Demands for Inclusion in the Movement:
Having gone from one day being a mental health worker who risked everything for social justice to being treated with the worst of what a state hospital has to offer; and, then, to return to a career in which I had to thrive with (instead of for) partners as a licensed professional, I experience the social order in the local survivor movement to be cutthroat. The demands for inclusion make many in it seem intolerant. From my vantage point, to really become promoted in the survivor community, you have to be off your medication, able to afford the conference circuit, able to volunteer, bearing of a prestigious university experience, or open to using stigmatic discernment in terms of who you do and so not associate with. When I interact with both the “chronically normal” and survivor communities, it is easy to feel invisible and irrelevant.
I have to admit that I was given fair warning when I heard local African American people say, “The thing about the recovery movement is that it is clearly a white movement.” Still, amid the very repressed individuals I work with, I have promoted recovery and inclusion with success. I have pointed individuals in the direction of the survivor community and then bound like a puppy into its arms only to face dominance. To my relief, some of the people I have helped may have fared better than me, but I also can say that I understand why a large concentration of brilliant people do not want to change what they are doing and embrace the rank of the movement. Perhaps because I make money off my own brethren: that would be an argument for exclusion that I could respect. But wellness leaders in LA County also make sustainable income as well.
Fitting in with the Misfits:
To be fair to local movement leaders, not fitting into community is something I have a lot of experience with. It has been easy for me to sniff out familiar things that have alienated me in the past, go flat and withdraw. Although in my group work with “psychosis” I teach Mad people that social skills are extremely important to counteract our retaliating and reacting to our Mad experiences, I still do not always use them. I still am known to get off popping in some ghetto references amid stodgy and insulated contexts. Walking like an Egyptian in Rome is a hard habit to rid myself of. No doubt this is one of the times when I need to take my own advice, but when I see mad people in a group setting feeling and acting alienated, I can and do relate to them. Maybe being excluded is part of what make me who I am and it is very easy to go back there. Maybe I just need to accept those feelings and persist.

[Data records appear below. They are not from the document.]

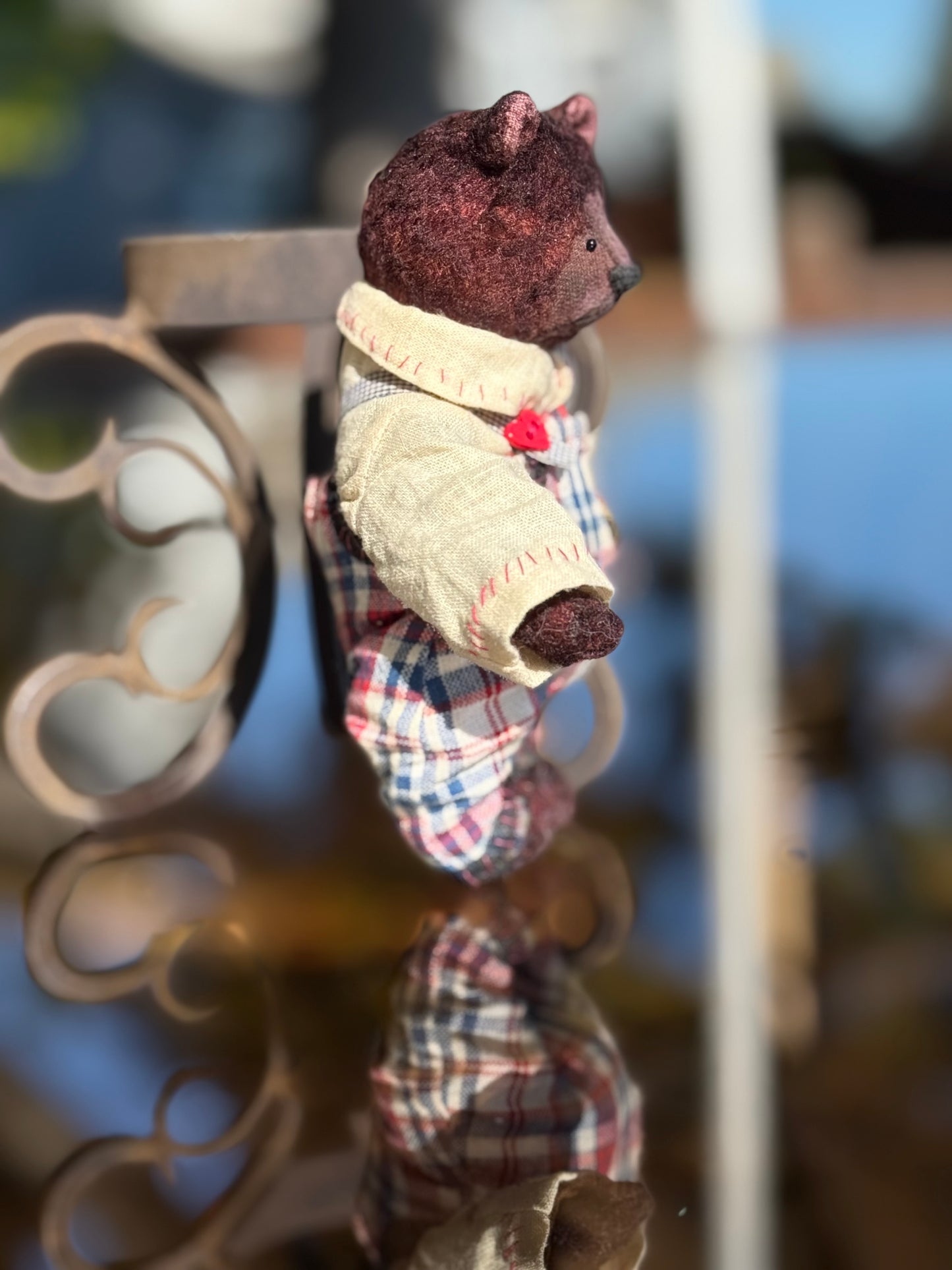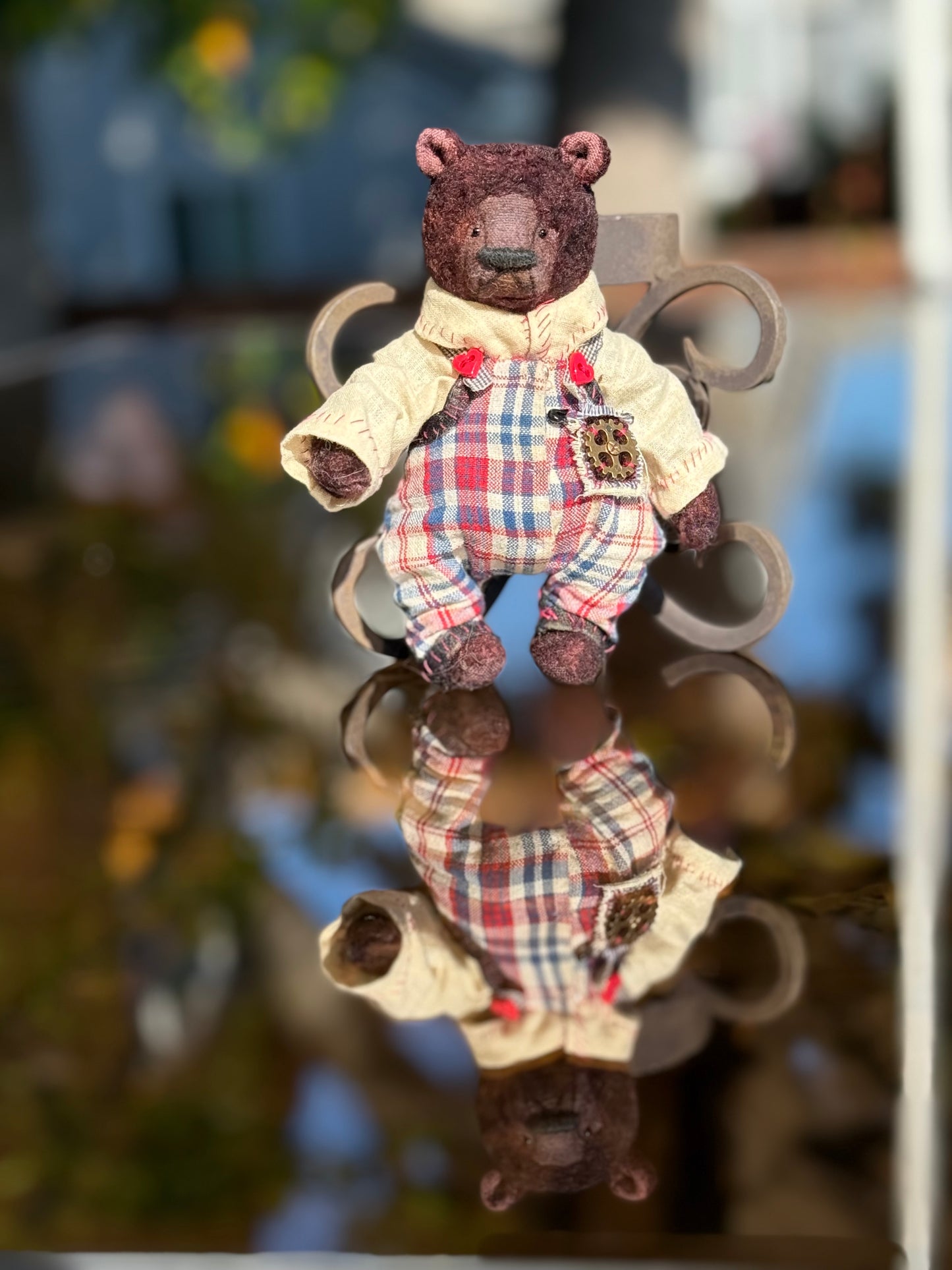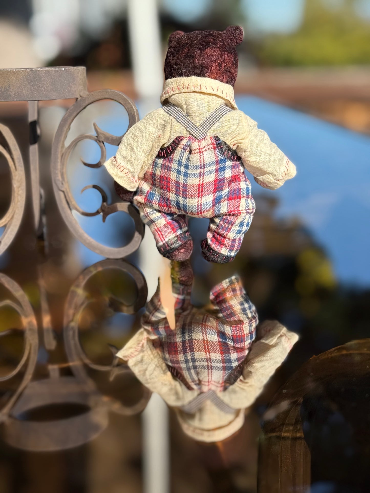 Handmade Vintage-Style Teddy Bear with Linen Outfit
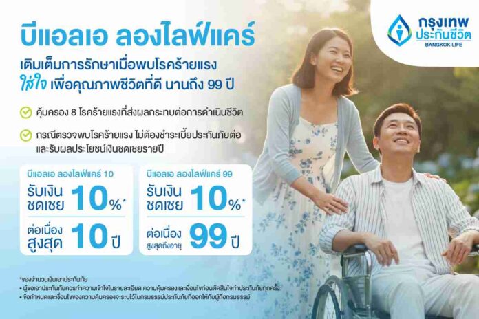 กรุงเทพประกันชีวิต ออกแบบประกันใหม่รับกระแส Longevity กระตุ้นสังคมใส่ใจการมีอายุยืนอย่างมีคุณภาพ ด้วยประกันโรคร้ายแรง บีแอลเอ ลองไลฟ์แคร์ ให้ความคุ้มครอง 8 โรคร้ายแรงที่ส่งผลกระทบต่อการดำเนินชีวิตระยะยาว ให้ความคุ้มครองสูงสุดถึงอายุ 99 ปี เมื่อตรวจพบโรคร้ายแรง ไม่ต้องชำระเบี้ยประกันภัยต่อ พร้อมรับผลประโยชน์เงินชดเชยรายปี 10% ของจำนวนเงินเอาประกันภัย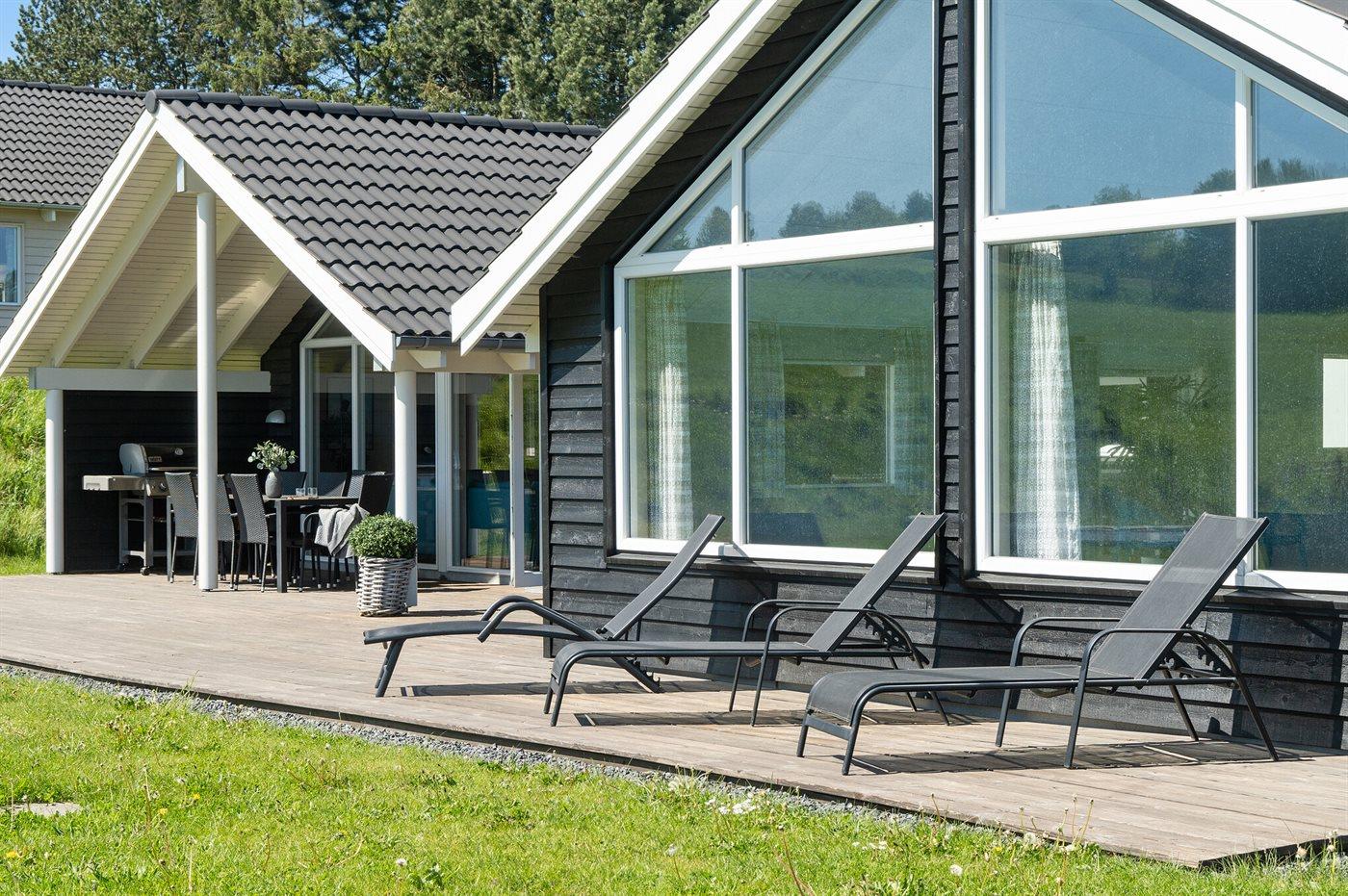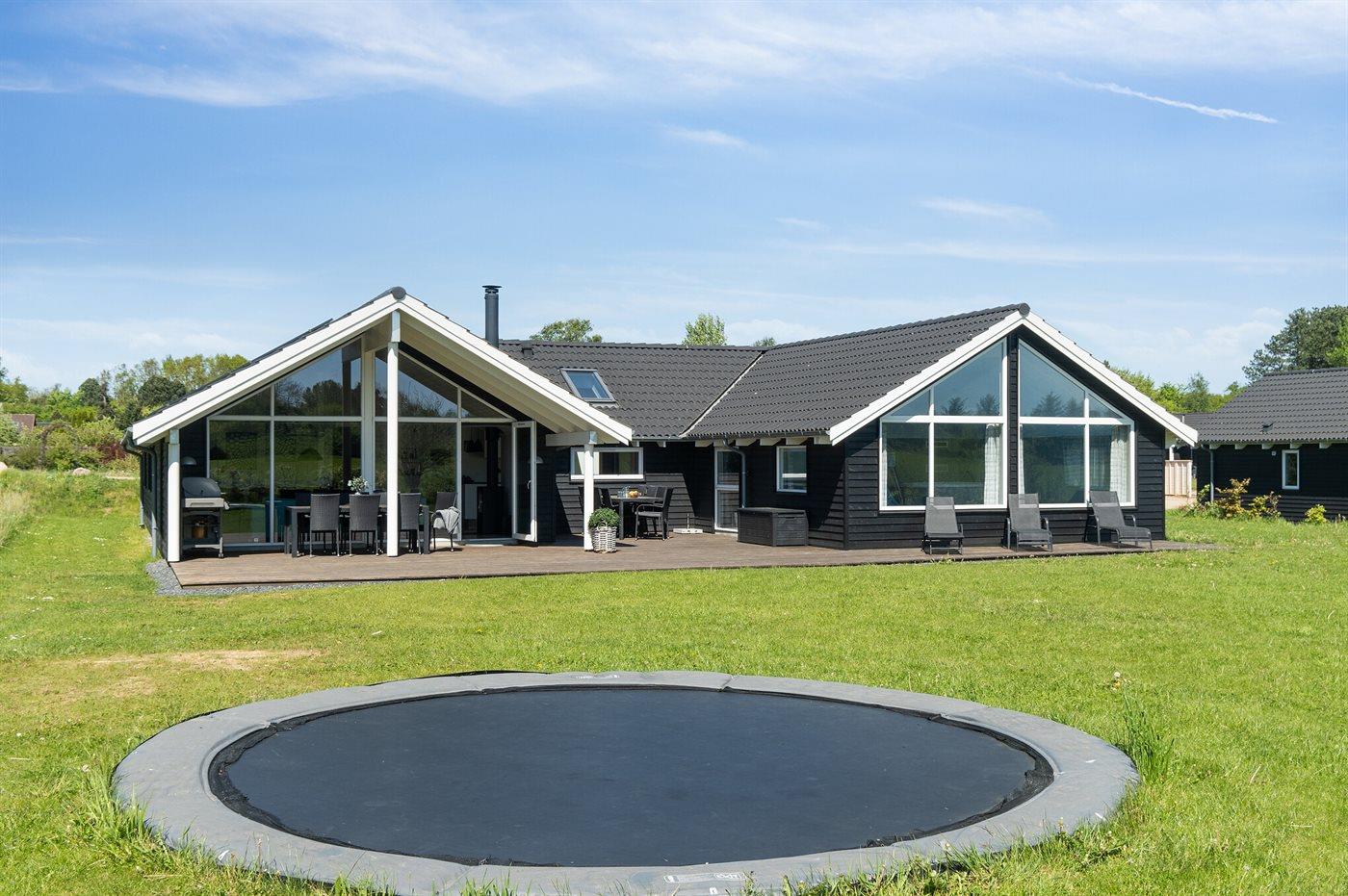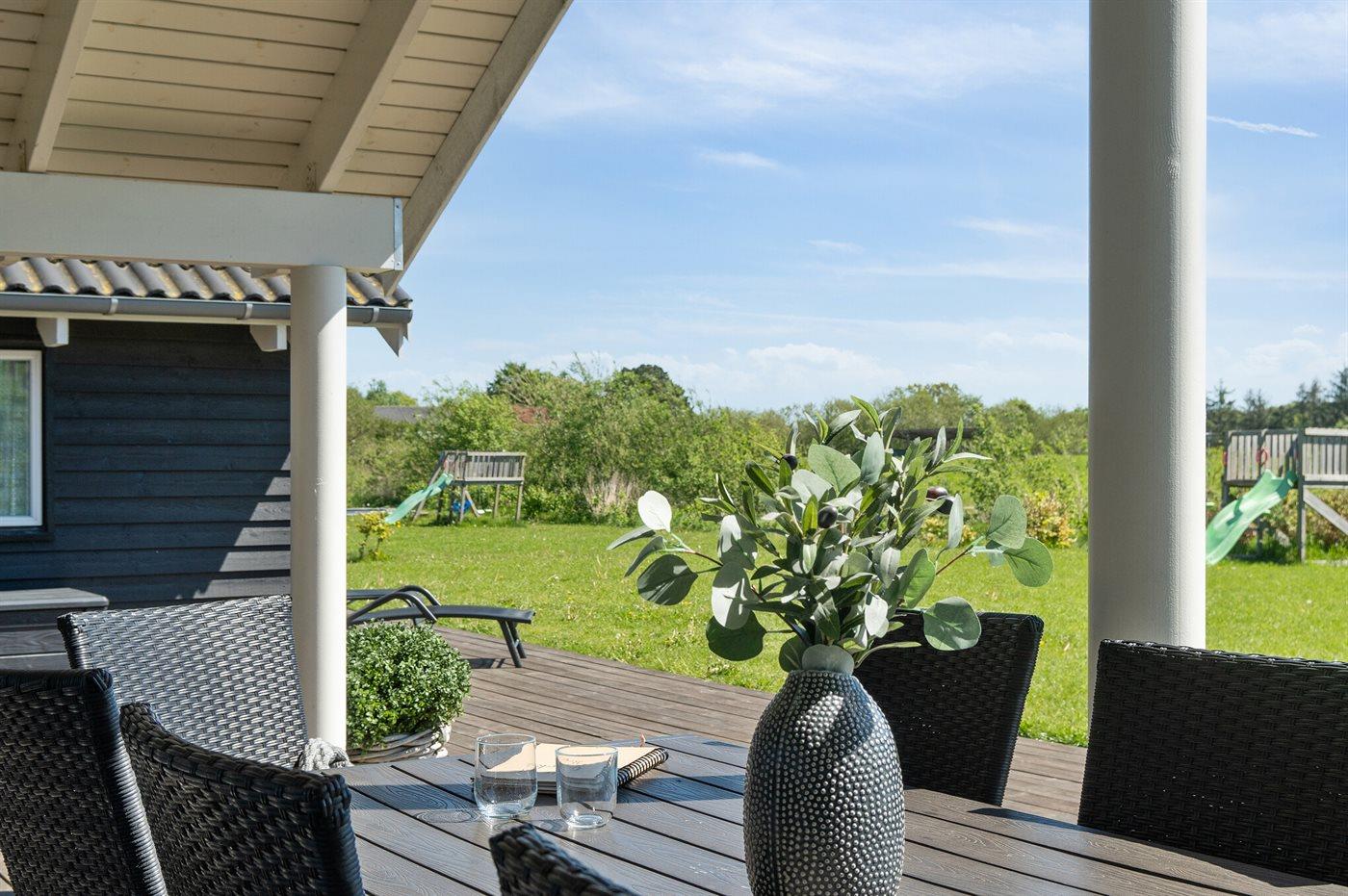 Ferieboligen er beliggende på en 1354 m² stor havegrund. Der er 800 m til havet. Nærmeste forretning er beliggende i en afstand af 2000 m. Til ferieboligen hører 100 m² terrasseareal. Desuden er der 18 m² overdækket terrasse. Gynge. Trampolin. Legetårn. Rutchebane. Grill til rådighed. Der er installeret stik til opladning af elbil. Type 2 stik. Med 11 kW ladeeffekt. Parkering ved ferieboligen.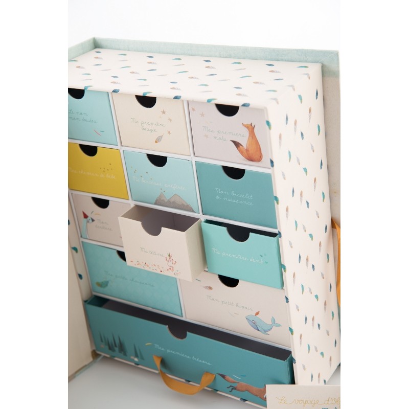 Découvrez les coffret à trésors MOULIN ROTY, pour ranger dans chacun des tiroirs toutes les douceurs de l'enfance. Mèche de cheveux, bracelet de la maternité, etc...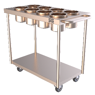SG Equipments manufactures various type of trolleys to meet the need of moving different commodities with in a kitchen. SG Equipment range of trolleys includes, Utility Trolleys, Platform Trolleys, Masala Trolleys, Plate Trolleys and Vegetable Crate Trolleys. All Trolleys are made from AISI304 Food Grade Stainless Steel and provided with heavy duty nylon or rubber castor wheels according to requirement. Half of the number of castor wheels on a trolley will be with brakes. The Platform Trolleys and Vegetable Crate Trolleys will be provided with rubber bumpers in the corner.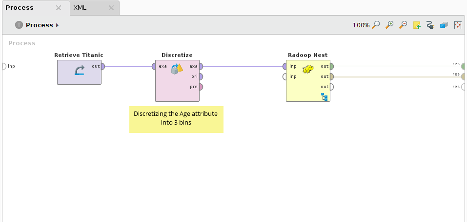 First the Titanic sample dataset is retrieved and the Age attribute is discretized into 3 bins. This results in 4 different values in the Age attribute: range1 [-∞ - 26.778]; range2 [26.778 - 53.389]; range3 [53.389 - ∞] and the missings. Please note that it is not recommended for real life use cases to use RapidMiner Radoop operators on data that fits in RapidMiner Studio's memory (like the Titanic dataset). If you have big data, use Radoop's Retrieve (recommended) or Read CSV operators inside the Nest to access your input.
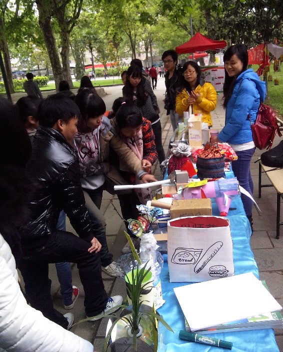 4月10日,历史与政治学院团委学生会在白云校区林荫大道开展“厉行勤俭节约、从我做起-废品利用展览”活动。在活动现场,学生会的同学们用废品制作的工艺品、玩具向过往行人进行展示。在每件展览品的旁边均标明了作者、主题以及作品编号,据介绍,这是为了观众们能现场向自己喜爱的作品进行现场投票,以便对得票多的同学给予奖励。据悉,本次活动是为了积极响应并贯彻当前党中央提出的“厉行勤俭节约”的作风,同时也为了认真做好学院“一院一特色,一周一主题”的学院特色工作。

A Little on my Vision of Learning from Mad Diversity:
But I have seen in Mad groups that Mad learning can come from Mad people connecting with Mad diversity. Higher levels of flexibility, humility, social functioning, and social justice can result.
For example, when I see those who have positive (syntonic) spiritual experiences mix with those who have more paranoid conspiracy focused (dystonic) ones (or any mix thereof); when I see more irritated mania Madness mix with the more dysphoric numbed out or catatonic type; or when I see those who hear voices and see visuals mix the people who code words and get magical intuition from interpersonal information; when I see those who are underprivileged mix with those who are provided for; and finally, when I see those who can go without medication mix with those who have come to a self-determined acceptance that they need it: when all this happens, the individual can gain a bigger cultural sense of who they are. They can become more aware of what advantages and strengths they have. It is an extremely diverse learning environment. And the diversity can be very healing. I see participants learn how they might use the differing perspectives of others to become less stuck with the current situations that limit them.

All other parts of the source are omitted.